#### Records shown

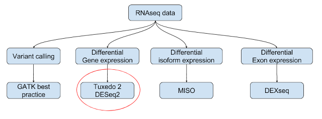 In this note, we will concentrate on Tuxedo protocol 2/ new tuxedo suite in this note. Work flow involves an aligner (HiSat2), an assembler (StringTie) and Analysis library (Ballgown- implemented in R). Tuxedo protocol 1 is covered else where in this blog.
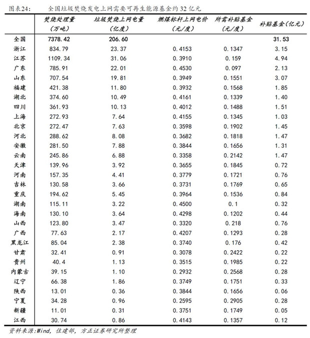 • 按照2016年各省垃圾焚燒處置量,噸垃圾上網(wǎng)電量280度測(cè)算,全國(guó)垃圾焚燒發(fā)電上網(wǎng)需要可再生能源基金約32億元。
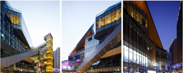 建筑造型由多組三角板塊組成,板塊間的排布定位結(jié)合了平面商業(yè)功能和不同的立面要求。通過板塊組的功能定位自然的構(gòu)筑成建筑曲折的線條。這種形式與功能相結(jié)合的設(shè)計(jì)理念, 不僅實(shí)現(xiàn)了是將人流引導(dǎo)進(jìn)入到商業(yè)街,同時(shí)更將各個(gè)店面的造型塑造成整體靈動(dòng)的線條, 曲折的線條化店面相互映襯,使得購(gòu)物者無(wú)論身處哪一個(gè)角度, 都會(huì)有一間面向他們的店 面在恭候光臨。 此設(shè)計(jì)手法最大限度的提升了商業(yè)街內(nèi)部的購(gòu)物體驗(yàn)。
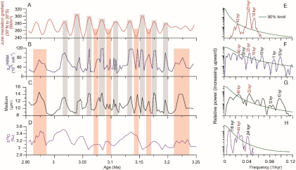 晚上新世气候适宜期(3.264-3.025 Ma)是距今最近的持续温暖气候期,其气候特征被认为与未来气候具有相似性。为重建该时期东亚夏季风的降水变化,我院罗增博士团队以柴达木盆地甘森剖面为研究对象,基于该剖面3.25-2.95 Ma的高分辨率磁学指标记录,开展了系统研究。结果显示,该剖面的降水记录呈现出2万年与4万年的轨道周期,这与我国黄土高原地区降水记录的周期完全一致,表明两地降水均受太阳辐射与冰盖变化的共同驱动。据此研究团队提出:柴达木盆地与黄土高原一致的降水周期变化,证明东亚夏季风不仅是黄土高原降水的主要来源,也对柴达木盆地的降水产生影响。这一结论首次在轨道尺度上,证实柴达木盆地在晚新世气候适宜期的降水受东亚夏季风调控。
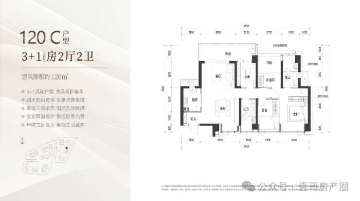 建面约120㎡的3+1房2厅2卫,
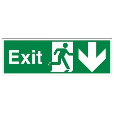 VSafety Exit Arrow Down Sign Landscape 600mm x 200mm Self Adhesive Vinyl
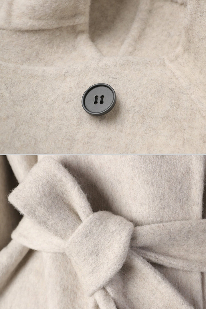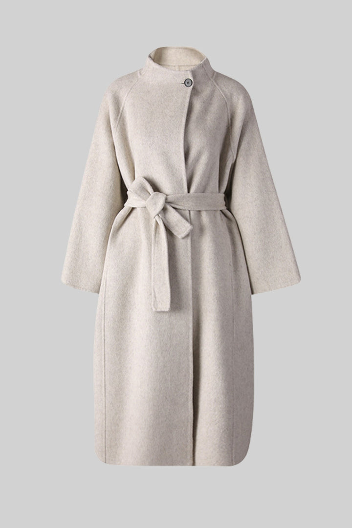 Şık ve zarif bir tasarıma sahip bu bej midi boy palto, vücuda oturan kesimi ve yüksek yakasıyla öne çıkar. Tek düğmeli kapaması ve ayarlanabilir kuşağı ile hem stilinizi hem de rahatlığınızı ön plana çıkarır. Yumuşak ve sıcak yün karışımı kumaşı, soğuk havalarda konforlu kullanım sağlar.
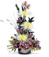 Romance doesn't have to be soft spoken. Exotic Fugi Mums, Alstroemeria, Poms and more in a modern vase make your romantic thoughts loud and clear. |
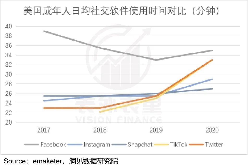 而与微博相比,同期的Twitter,用户时长却是拐头向上增长,和TikTok保持一致,粘性直逼Facebook。
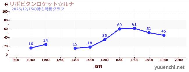 2025/12/15の待ち時間グラフ (リポビタンロケット☆ルナ)
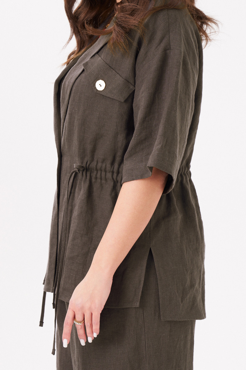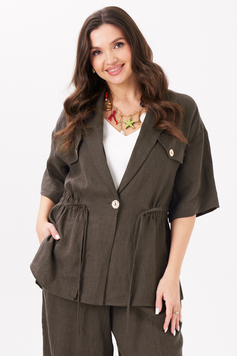 Женский жакет из льняной ткани — идеальный выбор для тех, кто ищет универсальный элемент гардероба. Этот классический пиджак прямого силуэта сочетает в себе элегантность и комфорт, подходя как для повседневной, так и для офисной носки. Свободный крой с утягивающей кулисой на талии позволяет адаптировать посадку под любую фигуру, делая образ более утонченным или расслабленным по желанию. Пиджачный воротник, спущенная линия плеча и втачные рукава длиной чуть ниже локтя создают легкий и стильный силуэт. Центральная застежка на пуговицу и декоративные клапаны с пуговицами придают нарядный акцент даже в базовом исполнении. Жакет особенно актуален как весенний или летний вариант — благодаря натуральной льняной ткани он обеспечивает комфорт в теплое время года. Этот женский пиджак легко комбинируется с деловыми брюками, юбками, джинсами, превращаясь из повседневного в праздничный элемент гардероба. Подходит для офиса, деловых встреч, прогулок, свиданий и торжественных мероприятий. Такой офисный и одновременно женственный жакет станет незаменимым решением для тех, кто ценит стиль, удобство и практичность. Добавьте в свой гардероб этот праздничный и в то же время повседневный пиджак, чтобы выглядеть безупречно в любой ситуации.
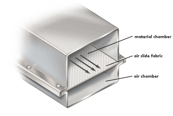 An Airslide belt is in the middle of a chute. Powder material will come into the chute above Airslide belt. Material will flow to the chute lower side as pneumatic blower down Airslide belt. That's why we say Airslide belt can move powder material because of the wind power. And then, the rest wind will go out from the top of the chute. Through the moving, no parts moved except powder material. So that it can spare more energy and maintain cost, etc.

########

• **What to work on**: An exact retyping of the entries, without images, is the required answer.

• **Solution to the exercise**:
 In this note, we will concentrate on Tuxedo protocol 2/ new tuxedo suite in this note. Work flow involves an aligner (HiSat2), an assembler (StringTie) and Analysis library (Ballgown- implemented in R). Tuxedo protocol 1 is covered else where in this blog.
 • 按照2016年各省垃圾焚燒處置量,噸垃圾上網(wǎng)電量280度測(cè)算,全國(guó)垃圾焚燒發(fā)電上網(wǎng)需要可再生能源基金約32億元。
 建筑造型由多組三角板塊組成,板塊間的排布定位結(jié)合了平面商業(yè)功能和不同的立面要求。通過板塊組的功能定位自然的構(gòu)筑成建筑曲折的線條。這種形式與功能相結(jié)合的設(shè)計(jì)理念, 不僅實(shí)現(xiàn)了是將人流引導(dǎo)進(jìn)入到商業(yè)街,同時(shí)更將各個(gè)店面的造型塑造成整體靈動(dòng)的線條, 曲折的線條化店面相互映襯,使得購(gòu)物者無(wú)論身處哪一個(gè)角度, 都會(huì)有一間面向他們的店 面在恭候光臨。 此設(shè)計(jì)手法最大限度的提升了商業(yè)街內(nèi)部的購(gòu)物體驗(yàn)。
 晚上新世气候适宜期(3.264-3.025 Ma)是距今最近的持续温暖气候期,其气候特征被认为与未来气候具有相似性。为重建该时期东亚夏季风的降水变化,我院罗增博士团队以柴达木盆地甘森剖面为研究对象,基于该剖面3.25-2.95 Ma的高分辨率磁学指标记录,开展了系统研究。结果显示,该剖面的降水记录呈现出2万年与4万年的轨道周期,这与我国黄土高原地区降水记录的周期完全一致,表明两地降水均受太阳辐射与冰盖变化的共同驱动。据此研究团队提出:柴达木盆地与黄土高原一致的降水周期变化,证明东亚夏季风不仅是黄土高原降水的主要来源,也对柴达木盆地的降水产生影响。这一结论首次在轨道尺度上,证实柴达木盆地在晚新世气候适宜期的降水受东亚夏季风调控。
 建面约120㎡的3+1房2厅2卫,
 VSafety Exit Arrow Down Sign Landscape 600mm x 200mm Self Adhesive Vinyl
 Şık ve zarif bir tasarıma sahip bu bej midi boy palto, vücuda oturan kesimi ve yüksek yakasıyla öne çıkar. Tek düğmeli kapaması ve ayarlanabilir kuşağı ile hem stilinizi hem de rahatlığınızı ön plana çıkarır. Yumuşak ve sıcak yün karışımı kumaşı, soğuk havalarda konforlu kullanım sağlar.
 Romance doesn't have to be soft spoken. Exotic Fugi Mums, Alstroemeria, Poms and more in a modern vase make your romantic thoughts loud and clear. |
 而与微博相比,同期的Twitter,用户时长却是拐头向上增长,和TikTok保持一致,粘性直逼Facebook。
 2025/12/15の待ち時間グラフ (リポビタンロケット☆ルナ)
 Женский жакет из льняной ткани — идеальный выбор для тех, кто ищет универсальный элемент гардероба. Этот классический пиджак прямого силуэта сочетает в себе элегантность и комфорт, подходя как для повседневной, так и для офисной носки. Свободный крой с утягивающей кулисой на талии позволяет адаптировать посадку под любую фигуру, делая образ более утонченным или расслабленным по желанию. Пиджачный воротник, спущенная линия плеча и втачные рукава длиной чуть ниже локтя создают легкий и стильный силуэт. Центральная застежка на пуговицу и декоративные клапаны с пуговицами придают нарядный акцент даже в базовом исполнении. Жакет особенно актуален как весенний или летний вариант — благодаря натуральной льняной ткани он обеспечивает комфорт в теплое время года. Этот женский пиджак легко комбинируется с деловыми брюками, юбками, джинсами, превращаясь из повседневного в праздничный элемент гардероба. Подходит для офиса, деловых встреч, прогулок, свиданий и торжественных мероприятий. Такой офисный и одновременно женственный жакет станет незаменимым решением для тех, кто ценит стиль, удобство и практичность. Добавьте в свой гардероб этот праздничный и в то же время повседневный пиджак, чтобы выглядеть безупречно в любой ситуации.
 An Airslide belt is in the middle of a chute. Powder material will come into the chute above Airslide belt. Material will flow to the chute lower side as pneumatic blower down Airslide belt. That's why we say Airslide belt can move powder material because of the wind power. And then, the rest wind will go out from the top of the chute. Through the moving, no parts moved except powder material. So that it can spare more energy and maintain cost, etc.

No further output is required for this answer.